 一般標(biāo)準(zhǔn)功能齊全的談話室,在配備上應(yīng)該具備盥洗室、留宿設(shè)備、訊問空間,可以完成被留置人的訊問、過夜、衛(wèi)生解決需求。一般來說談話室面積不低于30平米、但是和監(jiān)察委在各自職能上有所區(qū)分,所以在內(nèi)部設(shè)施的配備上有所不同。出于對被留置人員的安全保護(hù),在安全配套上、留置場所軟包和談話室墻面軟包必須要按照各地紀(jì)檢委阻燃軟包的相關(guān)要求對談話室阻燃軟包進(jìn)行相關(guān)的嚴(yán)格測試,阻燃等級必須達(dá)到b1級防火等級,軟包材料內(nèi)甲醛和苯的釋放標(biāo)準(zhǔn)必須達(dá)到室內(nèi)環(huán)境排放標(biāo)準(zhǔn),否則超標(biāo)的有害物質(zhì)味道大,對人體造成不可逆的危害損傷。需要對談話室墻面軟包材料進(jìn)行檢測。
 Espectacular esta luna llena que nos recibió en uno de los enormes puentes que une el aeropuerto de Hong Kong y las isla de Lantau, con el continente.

==

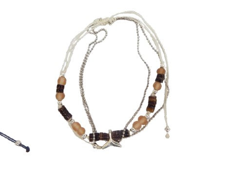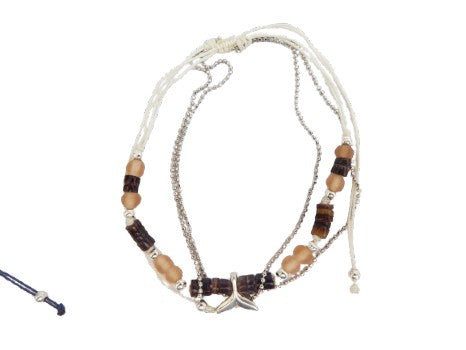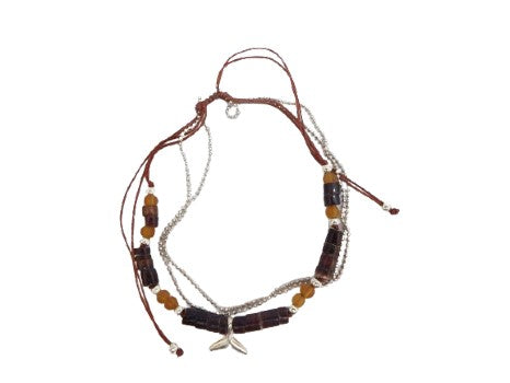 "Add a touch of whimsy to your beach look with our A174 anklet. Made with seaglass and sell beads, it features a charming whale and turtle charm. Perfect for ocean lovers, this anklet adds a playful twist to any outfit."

◆ GOAL OF THE EXERCISE ◆
Could you return exactly the lines above from the line with "一般標(biāo)準(zhǔ" to the line with "Espectacular esta luna", both included, and nothing else?

◆ TASK ANSWER ◆
 一般標(biāo)準(zhǔn)功能齊全的談話室,在配備上應(yīng)該具備盥洗室、留宿設(shè)備、訊問空間,可以完成被留置人的訊問、過夜、衛(wèi)生解決需求。一般來說談話室面積不低于30平米、但是和監(jiān)察委在各自職能上有所區(qū)分,所以在內(nèi)部設(shè)施的配備上有所不同。出于對被留置人員的安全保護(hù),在安全配套上、留置場所軟包和談話室墻面軟包必須要按照各地紀(jì)檢委阻燃軟包的相關(guān)要求對談話室阻燃軟包進(jìn)行相關(guān)的嚴(yán)格測試,阻燃等級必須達(dá)到b1級防火等級,軟包材料內(nèi)甲醛和苯的釋放標(biāo)準(zhǔn)必須達(dá)到室內(nèi)環(huán)境排放標(biāo)準(zhǔn),否則超標(biāo)的有害物質(zhì)味道大,對人體造成不可逆的危害損傷。需要對談話室墻面軟包材料進(jìn)行檢測。
 Espectacular esta luna llena que nos recibió en uno de los enormes puentes que une el aeropuerto de Hong Kong y las isla de Lantau, con el continente.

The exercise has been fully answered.